• ACTION ITEM:
Below this line are records; write out exactly the lines from the one containing "Четыре независимых слота, можно" through the one containing "Купить Пакет подарочный", with the pictures left out.

• INPUT RECORDS:

+ + + +

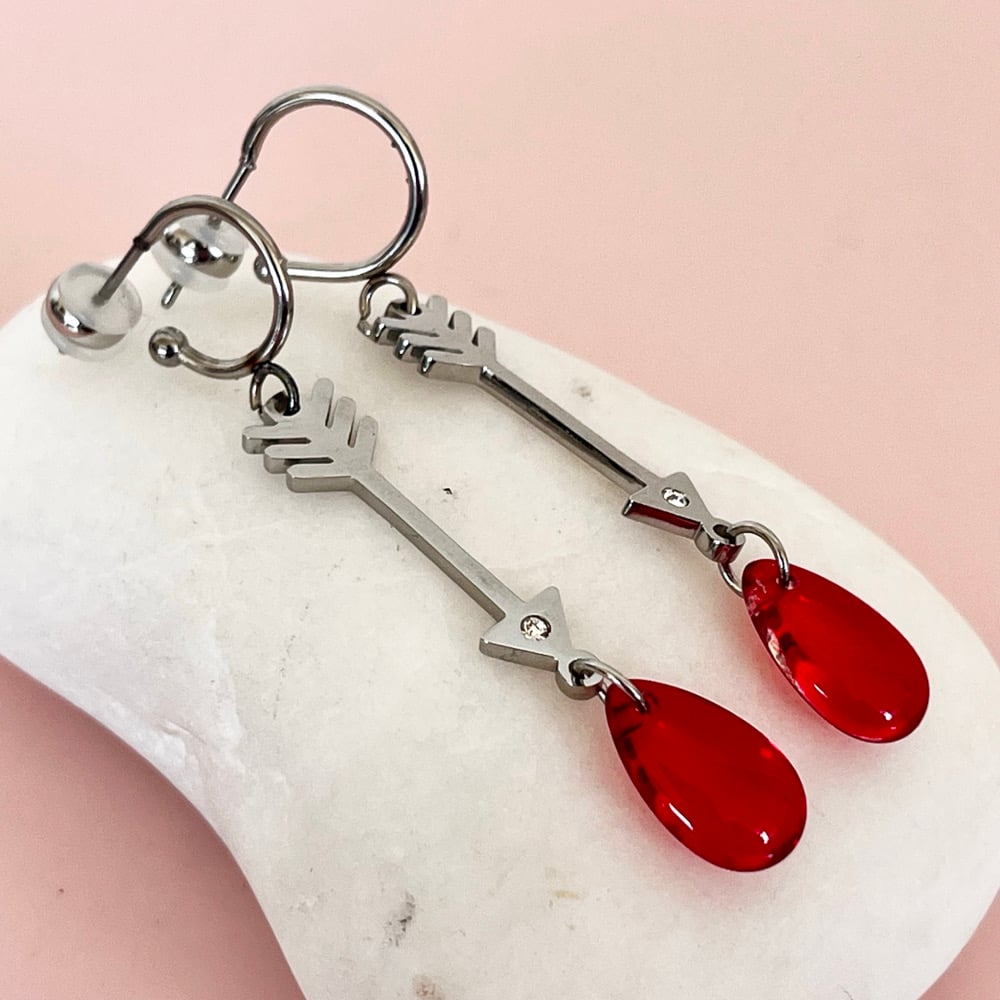 Stainless steel half hoops with an arrow charm and red glass droplet. Size of hoops 11.5mm. Length of charm and droplet 43mm.Comes in a cute gift bag.
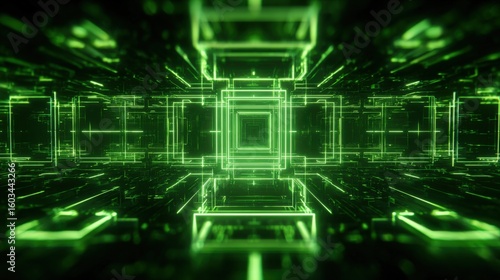 Futuristic Digital Grid Technology Scene with Glowing Green Lines and Geometric Patterns in Cyber Space Environment
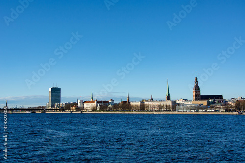 Fototapeta premium Sunny day at Riga, Latvia. Panorama of the city. Daugava river. Dome cathedral.
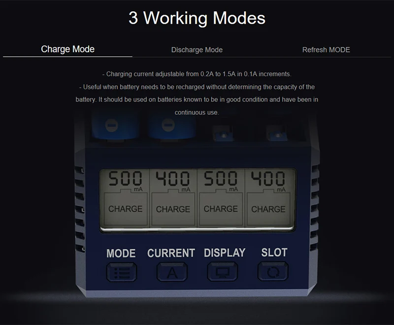 Четыре независимых слота, можно заряжать 1-4 шт NiMH AA или AAA в любых комбинациях
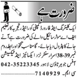Clearing & Forwarding Company is looking for candidates for following posts as per job advertisement published in daily Jang Newspaper of December 13, 2023 for location Lahore, lahore Punjab Pakistan:
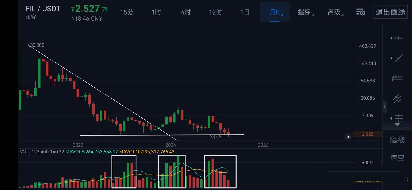 回望2021年5月,当FIL价格冲至160至200美元区间时,无数投资者仍抱有幻想,即便在高位也不断买入。彼时,1T矿机一度被抢购一空,市场情绪达到极致。然而,随着熊市来临,价格从70、60、50美金一路下滑,直至今日的2美元,许多早期持有者深陷其中,感情与资金双重受伤。
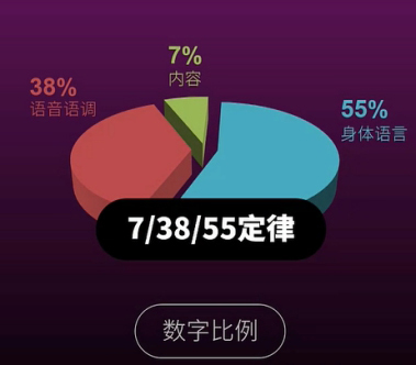 如图10-5所示,这是沟通技巧中经典的73855定律,它是指在沟通说话过程中,这种说话的内容效果的比例只占百分之七,而语音语调能够影响百分之三十八,身体语言可以影响到百分之五十五,用这种数字来表示一种规律。
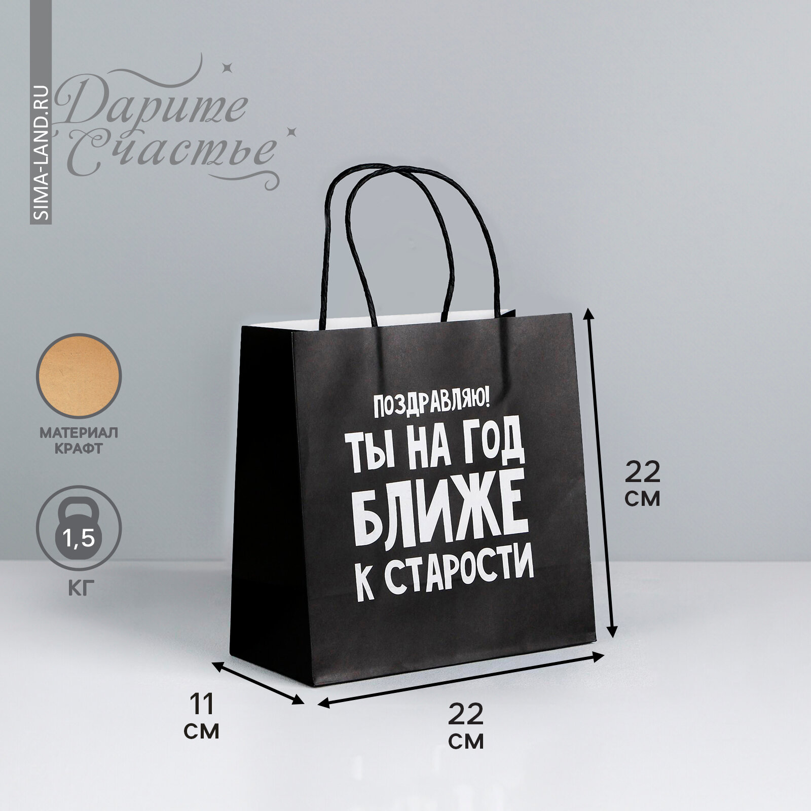 Купить Пакет подарочный «На год ближе к старости», 22 × 22 × 11 см
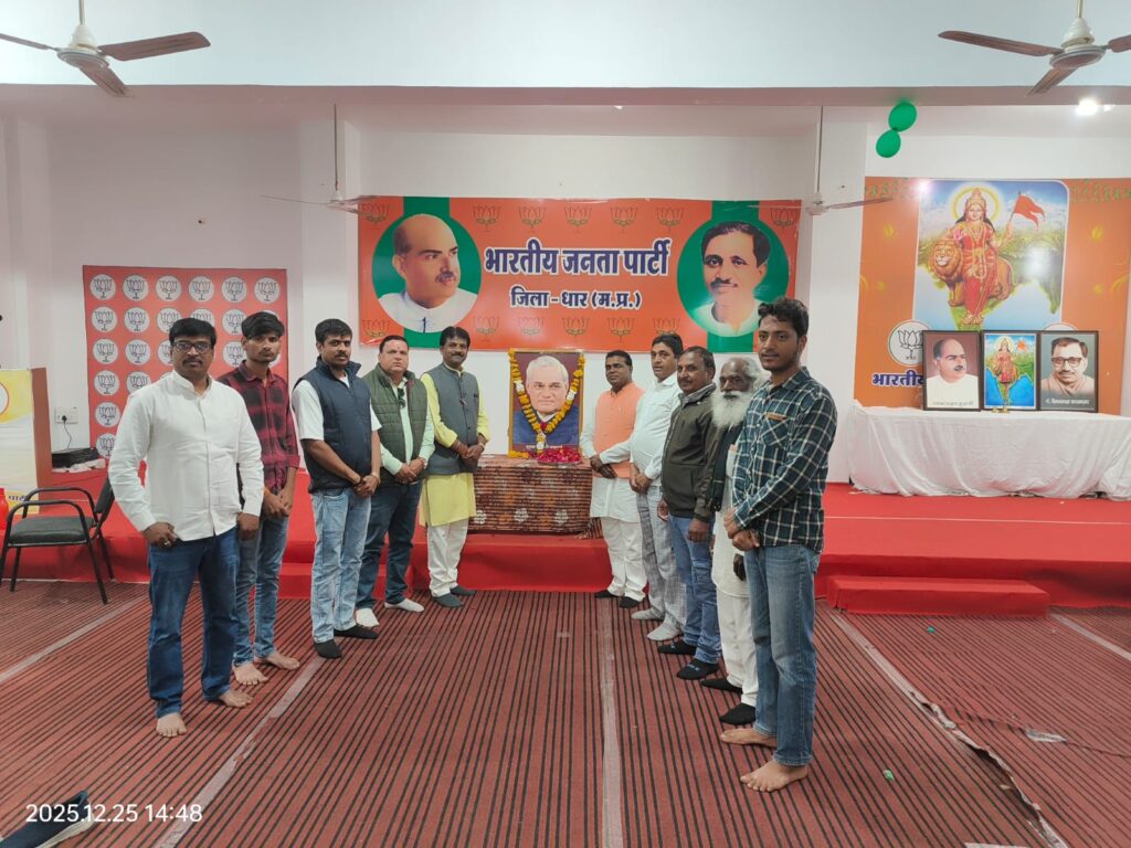 भारत भर में सुशासन, ईमानदारी के मिशाल जनसंघ , भाजपा के संस्थापक लोक नेता अटल बिहारी वाजपेई जी उनकी शताब्दी वर्ष मनाने की इस कड़ी में, मध्य प्रदेश जिला धार के प्रवास पर , धार भाजपा का कार्यलय पर भाजपा धार जिला महामंत्री देवेंद्र सनौने अजा मोर्चे धार जिला अध्यक्ष पूनमचंद फकिरा शरदारपूर मंडल में अटल जी की जयंती पर सरदारपुर सरकारी अस्पताल में फल वितरण कार्यक्रम में भारतीय गौरक्षा वाहिनी के धार गोरक्षा अध्यक्ष जिला अध्यक्ष हरीराम पटेल के नेतृत्व में सामिल होकर।
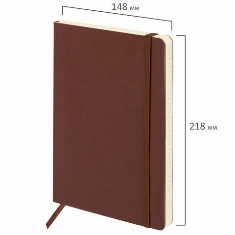Блокнот А5 (148x218 мм), BRAUBERG "Metropolis Ultra", под кожу, 80 л, резинка, клетка, коричневый, 111023 730 ₽
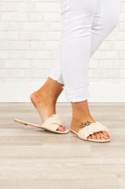 Slide these cuties on smooth like butter! The neutral beige color is so easy to pair with all of your favorite outfits for the season! We love the ruched look and comfy fit! Style these slides with a cute dress or sassy top and skinnies for a casual chic look!
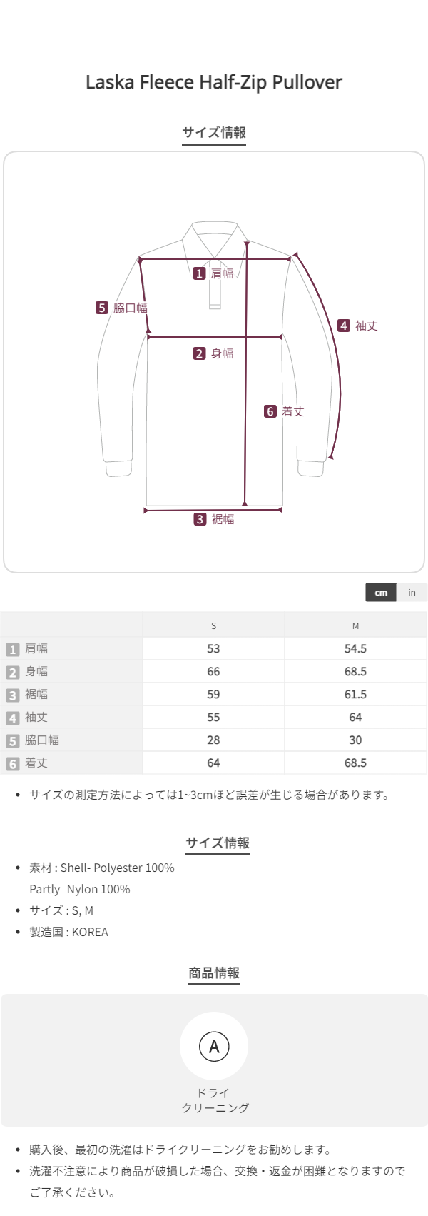 ハーフジップ、両袖口のバンディング、サイド配色ジッパーポケットなどの実用的なディテール
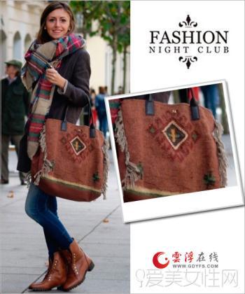 【小编的话】:如果是不太喜欢大片的波西米亚风格的图样的菇凉,可以选择一个波西米亚风格的大包,搭配简单的休闲服饰既时髦又不会很违和。
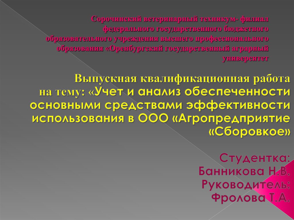 1. Сорочинский ветеринарный техникум- филиал федерального государственного бюджетного образовательного учреждения высшего
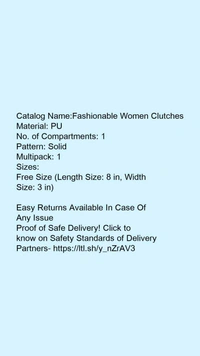 Catalog Name:*Fashionable Women Clutches*Material: PUNo. of Compartments: 1Pattern: SolidMultipack: 1

+ + + +

• THE ANSWER:
 Четыре независимых слота, можно заряжать 1-4 шт NiMH AA или AAA в любых комбинациях
Clearing & Forwarding Company is looking for candidates for following posts as per job advertisement published in daily Jang Newspaper of December 13, 2023 for location Lahore, lahore Punjab Pakistan:
 回望2021年5月,当FIL价格冲至160至200美元区间时,无数投资者仍抱有幻想,即便在高位也不断买入。彼时,1T矿机一度被抢购一空,市场情绪达到极致。然而,随着熊市来临,价格从70、60、50美金一路下滑,直至今日的2美元,许多早期持有者深陷其中,感情与资金双重受伤。
 如图10-5所示,这是沟通技巧中经典的73855定律,它是指在沟通说话过程中,这种说话的内容效果的比例只占百分之七,而语音语调能够影响百分之三十八,身体语言可以影响到百分之五十五,用这种数字来表示一种规律。
 Купить Пакет подарочный «На год ближе к старости», 22 × 22 × 11 см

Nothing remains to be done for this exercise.